Nolle asserts that network convergence is a market risk to common carriers. Nolle suggests that network convergence requires significant investments from carriers without a certainty of a return on investment. Nolle states, “the service providers interested in convergence tend to be those with stuff to converge: legacy services and legacy networks. That makes them common carriers, not ISPs.” (Nolle, 2005) Further, Nolle states that the revenue stream for converged, IP-based network services is uncertain compared to legacy systems,

Since these services [legacy] in the U.S. currently constitute more than $240 billion in annual revenues, and the U.S. market for Internet services at full business and consumer penetration (including broadband modernization) is probably no more than between $50 billion and $80 billion in annual revenue, this would mean killing more than two-thirds of the current service provider revenues. (Nolle, 2005)

The ongoing adoption and implementation of converged networks seems to imply that industry does not accept Nolle’s assertion of a significant revenue risk.

Benefits of Network Convergence

Next Generation e-Business Applications

Collaboration is a major application area for converged networks. As Davis describes, “users will be able to launch a collaborative session using any one of multiple media (IM, voice, video, and Web) and then seamlessly add other media once the session has been initiated.” (Davis, 2004) As rich collaboration environments develop into robust and effective tools, businesses are able to reduce travel costs for face-to-face meetings.

Burger et al present two use cases for next generation applications that leverage convergence to provide rich features. The first use case describes a content delivery network that includes sale and distribution of music using mobile devices. The second use case describes a mobile news delivery application that provides users with news updates based on subscriptions or content preferences. Both applications leverage the convergence of PSTN, cellular, and Internet networks to deliver content. (Burger, et al., 2007)

Social Networking

The integration of location and presence information from mobile devices with social networks provides another novel and interesting application that relies on converged networks. Burger et al identify this area as an avenue for further research. (Burger, et al., 2007) As Banerjee et al describe in the conclusion of their paper,

[The use case] demonstrates a real-time social networking service that brings together benefits of converged communication capabilities provided by Next-Generation Networks and mature Web 2.0 technologies that are present today. The proposed mashup application can be efficiently deployed by Telecom operators – either as a value-added service or in collaboration with third-party social networking services that are popular in different geographic regions. (Banerjee, Chakraborty, Dasgupta, Mittal, & Nagar, 2008)

As more and more smartphones are deployed with converged networking capabilities, social networking companies like Facebook, Twitter, and MySpace are actively developing location and presence features. In addition, carriers and providers like Verizon and AT&T are also exploring these applications as potential revenue streams.

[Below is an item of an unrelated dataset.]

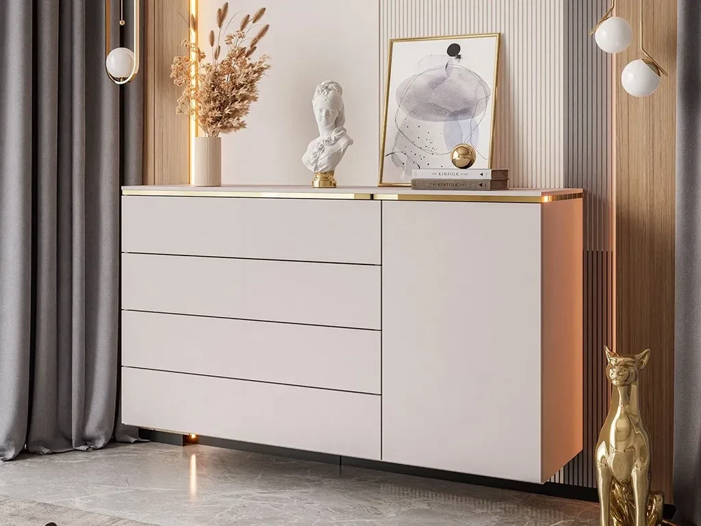 Комод Aurora — це ідеальне поєднання сучасного дизайну та функціональності. Мінімалістичний стиль із золотими акцентами та вишуканим відтінком кашміру надає інтер'єру елегантності та витонченості. Чотири місткі ящики забезпечують зручне зберігання, підтримуючи лад і організацію у вашому просторі. Ви можете вибрати підлогову або навісну модель, щоб ідеально вписати комоду у ваш інтер'єр. Колекція Aurora — це гармонія стилю, якості та практичності, яка додасть вашому дому затишку та вишуканості.

Staman et al describe converged networks as a critical component for promoting effective communication and learning for online courses, “many of the solutions afforded by converged networks apply to traditional as well as distance learning environments.” (Staman, 2009) Mikoczy et al evaluate the IP Multimedia System (IMS) as an architecture and implementation of television services over IP networks (IPTV). (Mikoczy, Sivchenko, Xu, & Rakocevic, 2007) IPTV represents a convergence of broadcast and IP networks. As the authors explain, the benefits of delivering multimedia over converged networks are significant since, “the user can get access to the IPTV service from any location within the converged access aggregation network developed [for the use case].” (Mikoczy, et al., 2007) Like the IP telephony applications, IMS relies upon quality of service to provide IPTV.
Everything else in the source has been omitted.